My son went to a Chicago Public School from K to 8. I think he got a pretty good education. He had some very good teachers, and some very bad teachers. One evening when he was in about the fifth grade, we were out doing some shopping and he asked me, “Dad, how many states are there?” When I gave him the correct answer, he said, “I knew it! My teacher said there are fifty-four.” There were a number of times when his math teacher did not adequately explain a math concept (my son is a straight A student and I knew if he didn’t get it, it wasn’t taught properly) and we resorted to the internet to get an explanation, since I didn’t recall ever being taught math in that way. (A ninety-second youtube video gave us what we needed.) There was a permanent social studies display outside one classroom — in a teacher’s handwriting — that was about the “Artic” Ocean. And, once when the teachers’ union was out protesting something downtown, I saw a number of signs with misspelled words. The governor exaggerated a bit by what he wrote, but the fact remains that the CPS has problems beyond the budgetary ones.
Years back I did some service work on equipment in CPS.
A school on the NW side, a nice area.
They said the room is being used but it is ok for me to work if I do not disturb the class.
May have been ESL(?). The teacher reads, then individual students pick up, back and forth. The teacher was an older black woman, the kids loved her.

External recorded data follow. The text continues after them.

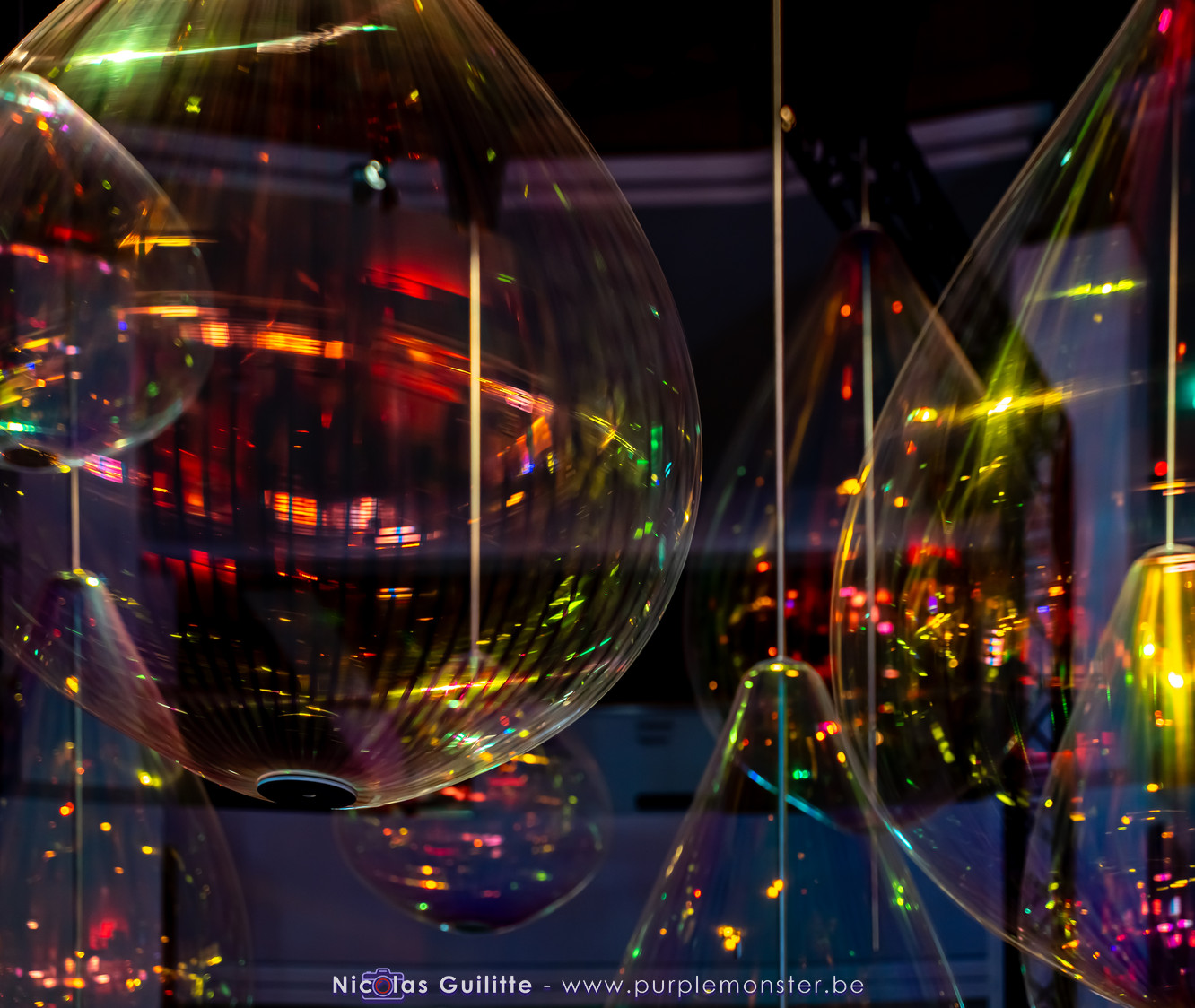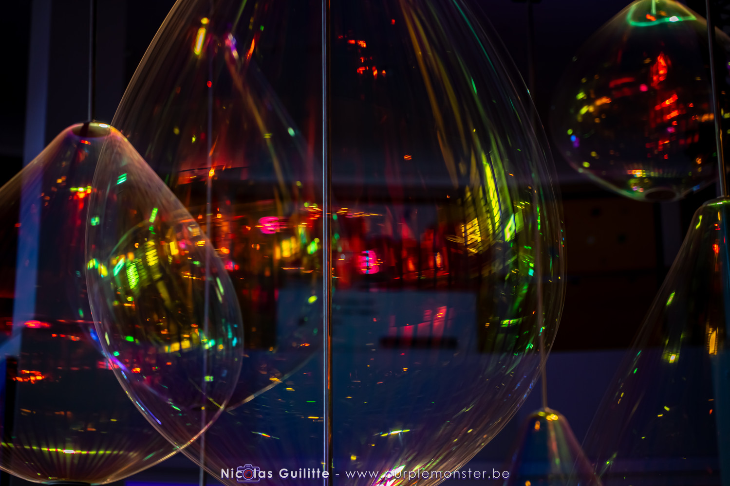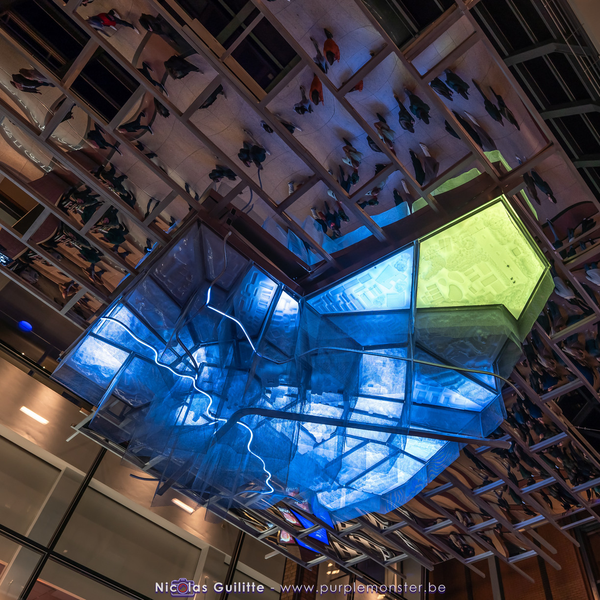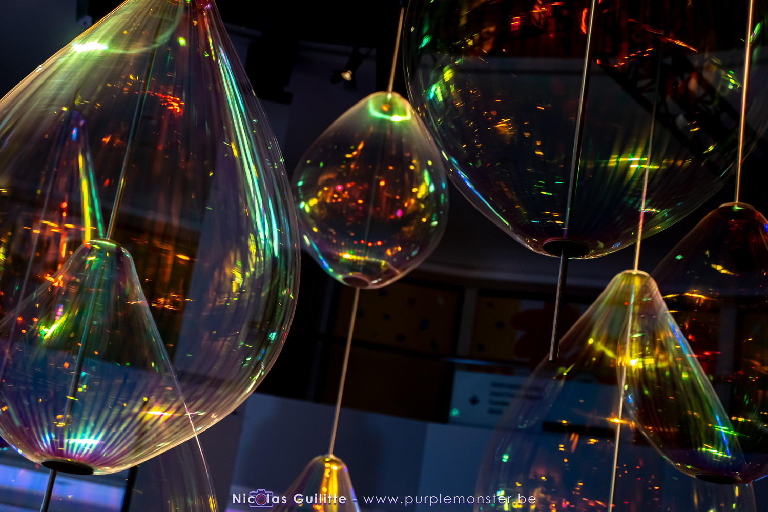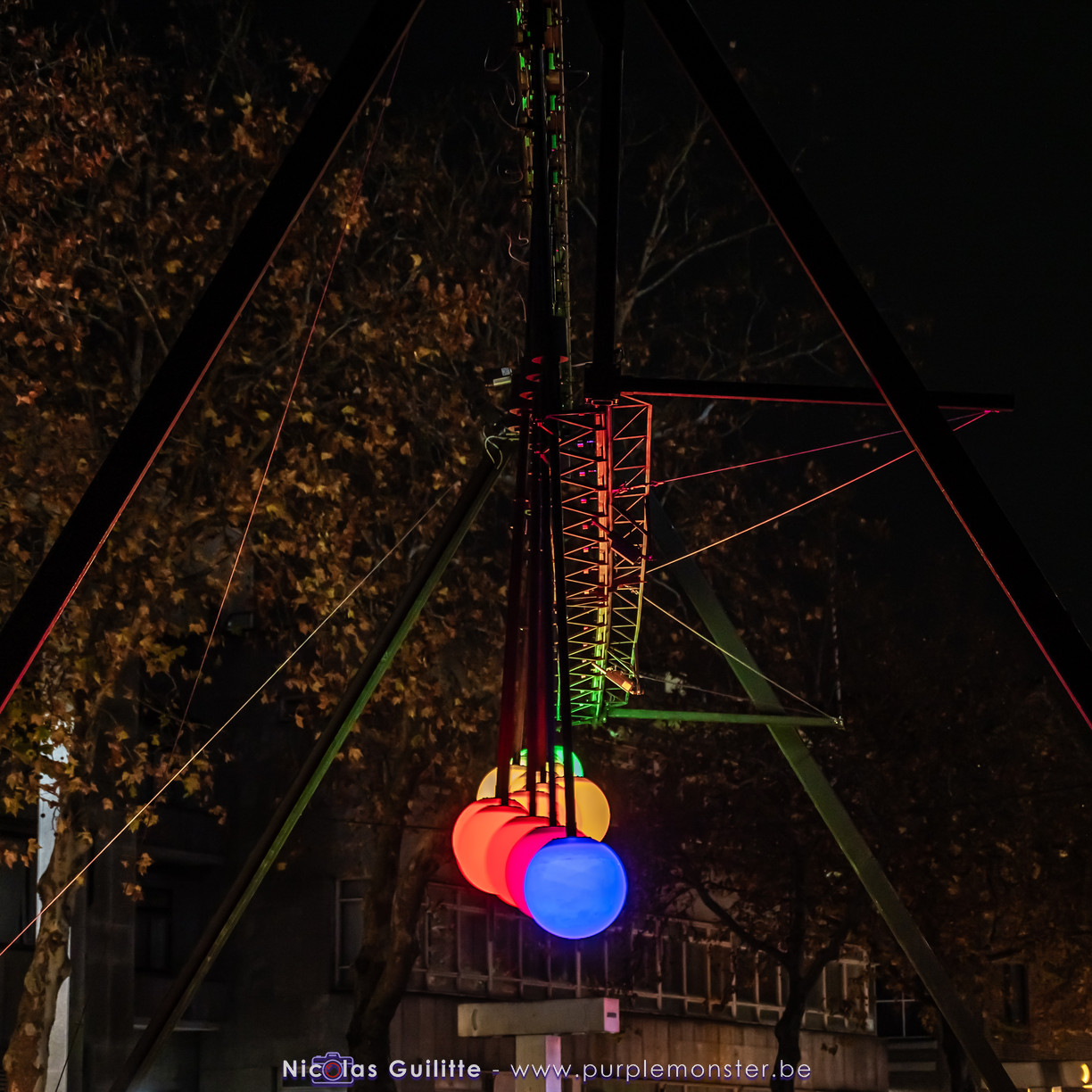 Une installation que j'avais déjà pu voir il y a plusieurs années, se présentant comme un ensemble de pendules géants de différentes longueurs, terminés par une boule lumieuse, et oscillant selon les lois de la physique en formant des sortes de vagues. Pas évident à prendre en photo, mais très hypnotique à regarder !
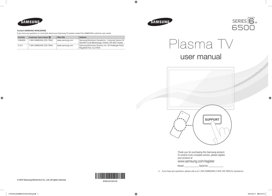 SAMSUNG PN60E6500EFXZA USER MANUAL Pdf Download ManualsLib
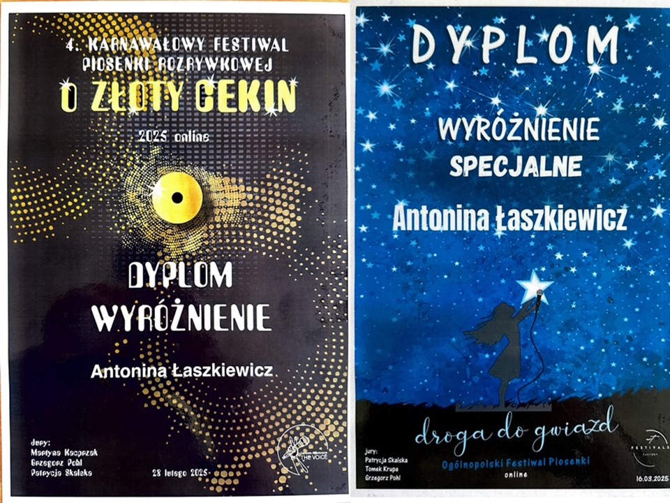 Serdeczne gratulacje dla Antoniny Łaszkiewicz za talent wokalny, który został doceniony na wielu konkursach online. Życzymy dalszych sukcesów.
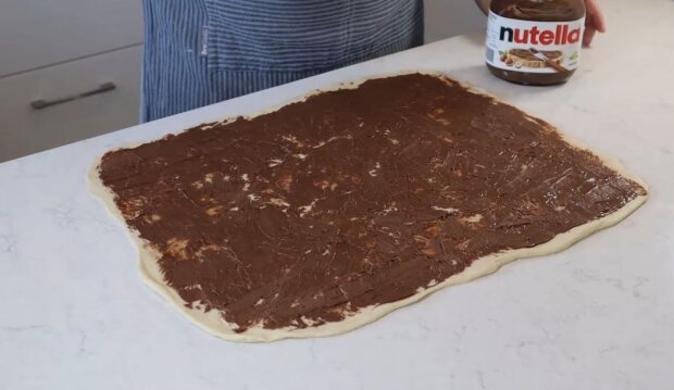 Как только вы добьетесь желаемой формы, намажьте тесто тонким слоем "Нутеллы" или другой сладкой, жирной пасты. Затем посыпьте тесто молотым фундуком.
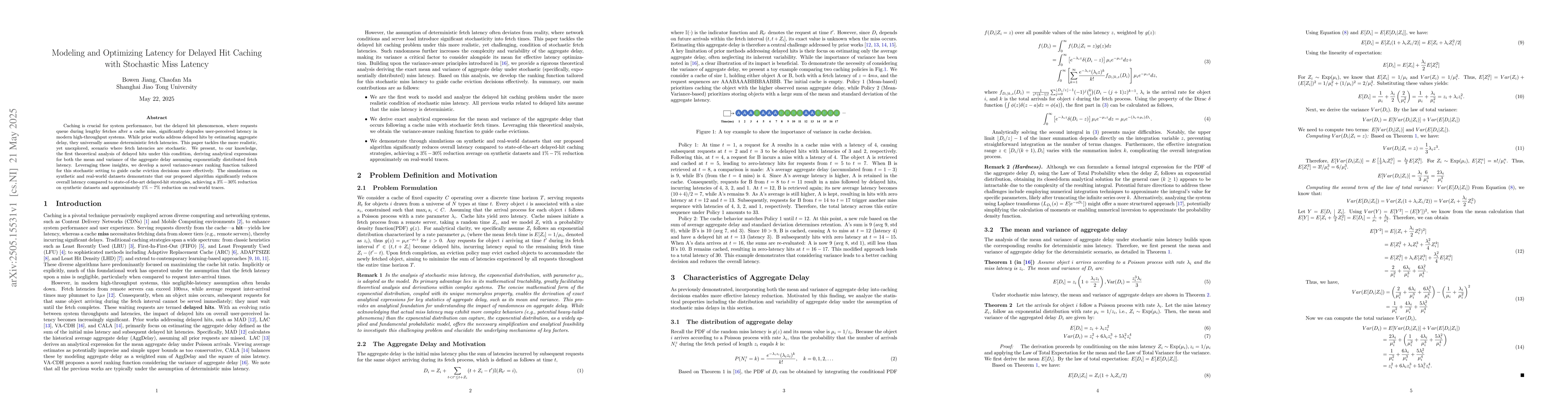 The paper presents a theoretical analysis of delayed hits under stochastic fetch latencies, deriving expressions for mean and variance of aggregate delay assuming exponentially distributed fetch latency.
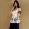 Хлопок Темперамент V-образный вырез Стиль девушки Красивые кружева Маленькие подтяжки Женская атмосфера Ощущение складки через сетку Лоскутная занавеска с пердежом
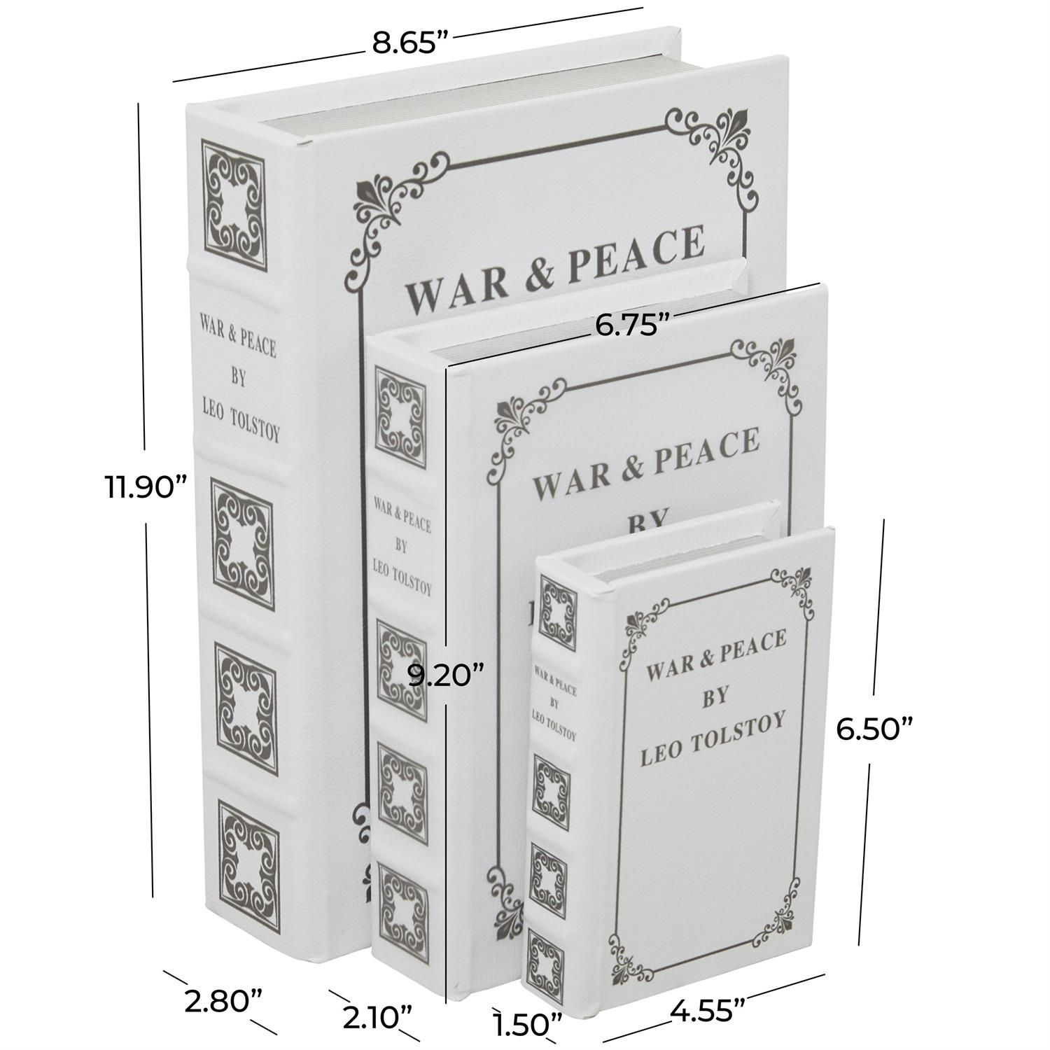Designed with timeless sophistication, rich old-world textures and warm hues come together for a refined classic taste of luxury. Crafted from MDF and faux leather, this light gray decorative box set offers durability and longevity. Rectangle gift boxes set showcases a sophisticated matte light gray finish, complemented by delicate black lettering and scroll details. This faux leather set of 3 boxes comes with hidden storage compartments in various sizes, making them perfect for organization or as fillers on bookcases and shelves.
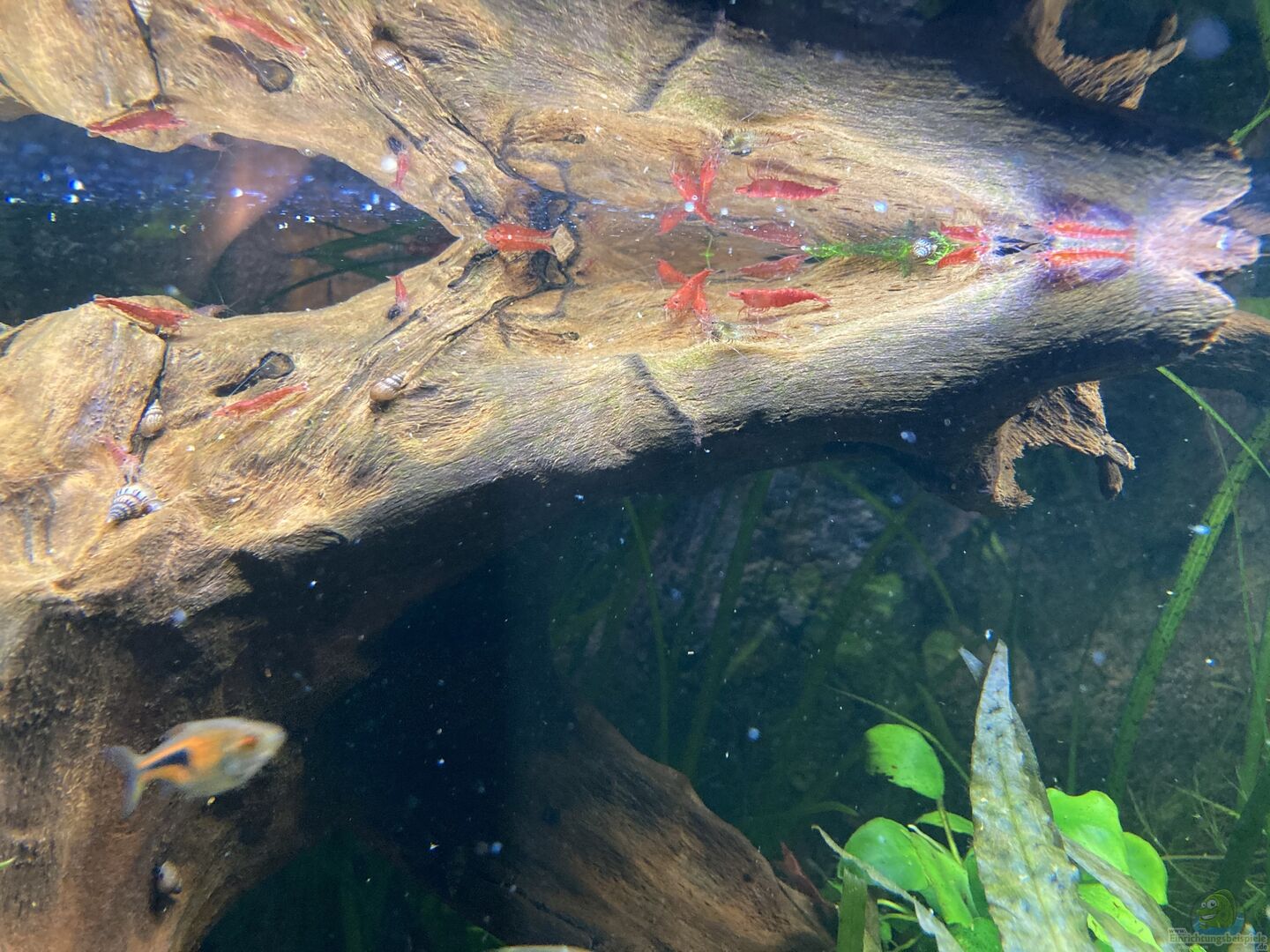 3 marmorierte Fadenfische (Trichogaster trichopterus). 2x Blau und 1x Gold. Das goldene Weibchen ist leider verstorben. 12 Blutsalmler (Hyphessobrycon eques) 20 Espes Keilfleckbärblinge (Trigonostigma espei) 13 Orangeflossenpanzerwels (Corydoras sterbai) 5 Metallpanzerwelse (Corydoras aeneus) - aus altem Aq übernommen 8 Ohrgitterharnischwelse(Otocinclus affinis) 4 Panaqolus cf. maccus "L 104" viele Turmdeckelschnecken etwa 8 Rennschnecken viele Red fire Garnelen (Neocaridina [...]
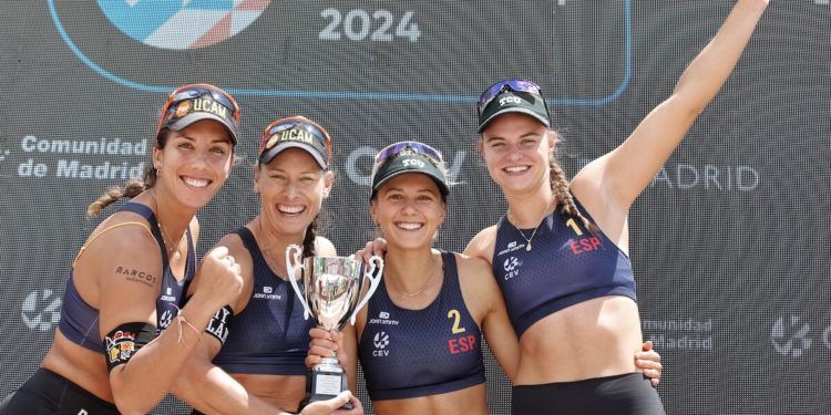 Los dúos formados por Liliana Fernández Steiner-Paula Soria y Daniela Álvarez y Tania Moreno, vencieron la fase de grupos de la Nations Cup disputada en Madrid y lucharán del 13 al 16 de junio en Jurmala (Letonia) por el último billete a los Juegos Olímpicos y por el triunfo en la competición. Las españolas no dieron opción a las representantes de Noruega en una final controlada en todo momento en la arena del Parque Deportivo Puerta de Hierro.

It was a pleasant experience!
Later in the main office, the assistant principal is SCREAMING wildly at this unfortunate student demanding that he only speak English!!!
That made my blood boil.
It’s nationwide. My son here in Colorado Springs was once given an extra credit assignment, one of the questions on which was how many branches of the armed forces there were. Since I was career military, he asked me and I told him three. His teacher did not give him credit for the answer because, according to her, there were five: Army, Air Force, Navy, Marines (part of the Navy) and Coast Guard (part of the Department of Transportation. The assignment, incidentally, was rife with misspellings and grammar errors. That, sadly, was not an isolated incident.
Years ago a friend’s family lived in Chicago and the kids attended CPS. One daughter was in fourth grade advanced classes. When they moved to a Houston suburb, that same daughter was moved to third grade after they did placement tests.
But is isn’t just CPS, we live in the collar counties and I could not believe the poor quality of the teachers in our city’s system. To the point that I wanted to correct the grammar of the take home papers and send it back to the teacher, but knew that the teacher would take it out on my child.